## [TO DO]
Word for word, restate the lines of the data below between those holding "RTD-809 shown smaller than actual size." and "Those corporate social", inclusive; pictures do not belong in the copy.

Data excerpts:
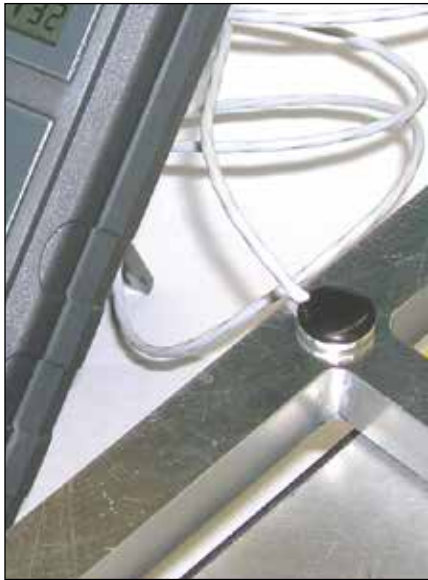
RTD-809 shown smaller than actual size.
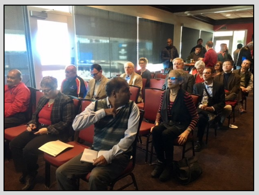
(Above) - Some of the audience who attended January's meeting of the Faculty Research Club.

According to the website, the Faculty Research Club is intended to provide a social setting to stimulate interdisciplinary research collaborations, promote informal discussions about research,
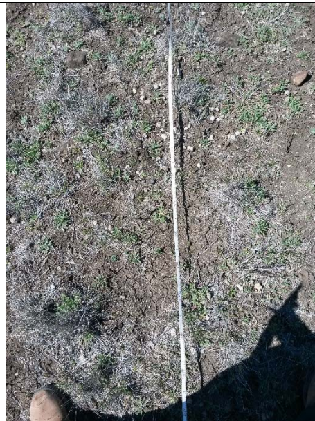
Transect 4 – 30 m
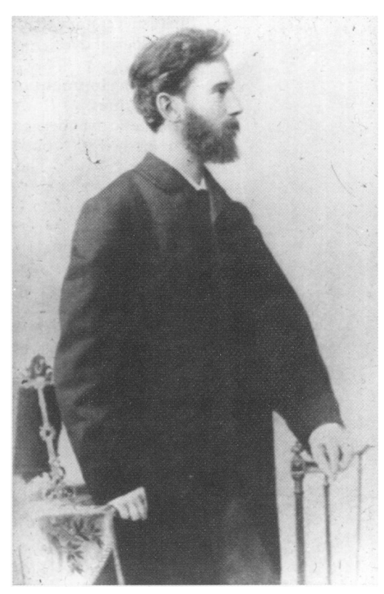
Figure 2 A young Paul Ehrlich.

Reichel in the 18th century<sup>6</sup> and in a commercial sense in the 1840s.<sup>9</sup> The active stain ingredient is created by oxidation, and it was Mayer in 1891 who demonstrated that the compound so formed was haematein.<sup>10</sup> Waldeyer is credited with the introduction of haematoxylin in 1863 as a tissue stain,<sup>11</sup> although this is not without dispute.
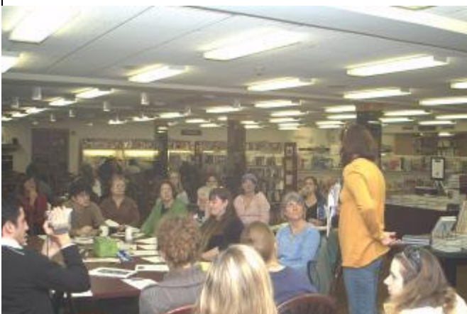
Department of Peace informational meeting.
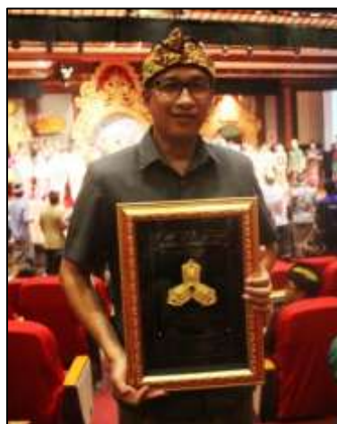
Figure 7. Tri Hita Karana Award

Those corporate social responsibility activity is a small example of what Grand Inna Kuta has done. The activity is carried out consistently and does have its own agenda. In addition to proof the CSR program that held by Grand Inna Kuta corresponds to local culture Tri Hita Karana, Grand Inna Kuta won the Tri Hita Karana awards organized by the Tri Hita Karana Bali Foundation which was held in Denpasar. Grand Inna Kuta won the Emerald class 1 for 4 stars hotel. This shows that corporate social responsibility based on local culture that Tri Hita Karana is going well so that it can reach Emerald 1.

==

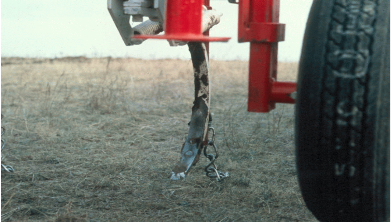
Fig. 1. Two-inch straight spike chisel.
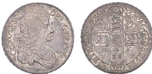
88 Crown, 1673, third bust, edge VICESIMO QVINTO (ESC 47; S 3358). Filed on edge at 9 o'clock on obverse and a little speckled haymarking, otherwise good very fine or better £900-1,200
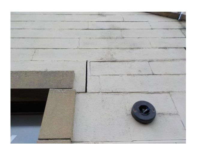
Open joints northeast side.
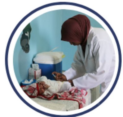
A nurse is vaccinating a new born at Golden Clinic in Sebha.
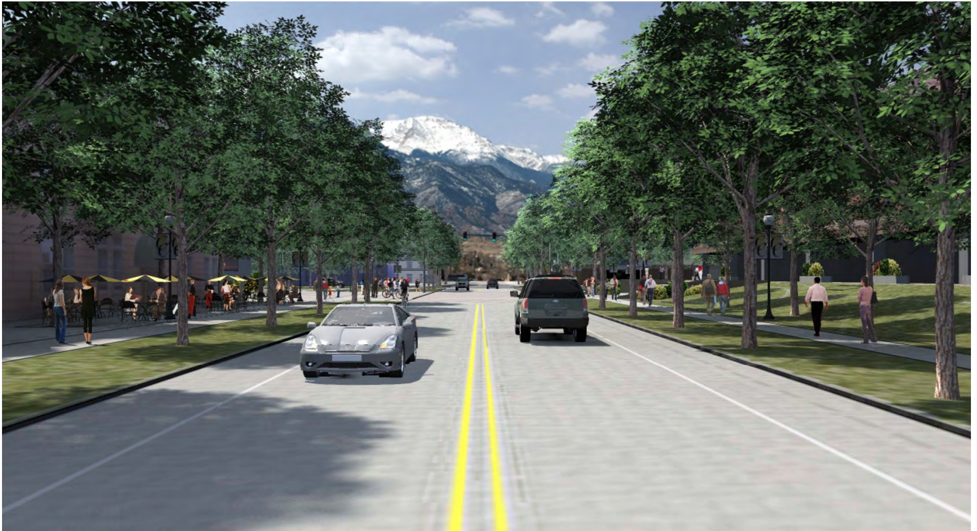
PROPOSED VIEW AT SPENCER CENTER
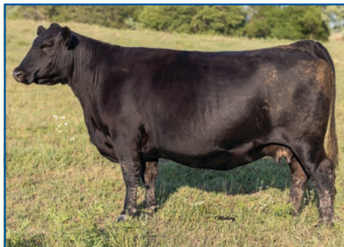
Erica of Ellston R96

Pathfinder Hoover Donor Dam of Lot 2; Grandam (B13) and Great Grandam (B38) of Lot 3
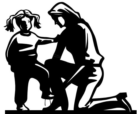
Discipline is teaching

...

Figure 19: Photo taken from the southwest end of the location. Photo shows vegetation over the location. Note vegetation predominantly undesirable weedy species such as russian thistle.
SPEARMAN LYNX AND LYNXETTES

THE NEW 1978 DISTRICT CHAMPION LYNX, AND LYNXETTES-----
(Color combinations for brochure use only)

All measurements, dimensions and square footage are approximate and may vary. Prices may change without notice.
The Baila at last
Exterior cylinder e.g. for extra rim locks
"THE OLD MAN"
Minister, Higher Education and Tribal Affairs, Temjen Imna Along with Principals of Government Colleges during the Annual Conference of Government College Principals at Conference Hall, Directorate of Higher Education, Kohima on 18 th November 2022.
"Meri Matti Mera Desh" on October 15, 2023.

## [EXPECTED OUTPUT]
RTD-809 shown smaller than actual size.
(Above) - Some of the audience who attended January's meeting of the Faculty Research Club.

According to the website, the Faculty Research Club is intended to provide a social setting to stimulate interdisciplinary research collaborations, promote informal discussions about research,
Transect 4 – 30 m
Figure 2 A young Paul Ehrlich.

Reichel in the 18th century<sup>6</sup> and in a commercial sense in the 1840s.<sup>9</sup> The active stain ingredient is created by oxidation, and it was Mayer in 1891 who demonstrated that the compound so formed was haematein.<sup>10</sup> Waldeyer is credited with the introduction of haematoxylin in 1863 as a tissue stain,<sup>11</sup> although this is not without dispute.
Department of Peace informational meeting.
Figure 7. Tri Hita Karana Award

Those corporate social responsibility activity is a small example of what Grand Inna Kuta has done. The activity is carried out consistently and does have its own agenda. In addition to proof the CSR program that held by Grand Inna Kuta corresponds to local culture Tri Hita Karana, Grand Inna Kuta won the Tri Hita Karana awards organized by the Tri Hita Karana Bali Foundation which was held in Denpasar. Grand Inna Kuta won the Emerald class 1 for 4 stars hotel. This shows that corporate social responsibility based on local culture that Tri Hita Karana is going well so that it can reach Emerald 1.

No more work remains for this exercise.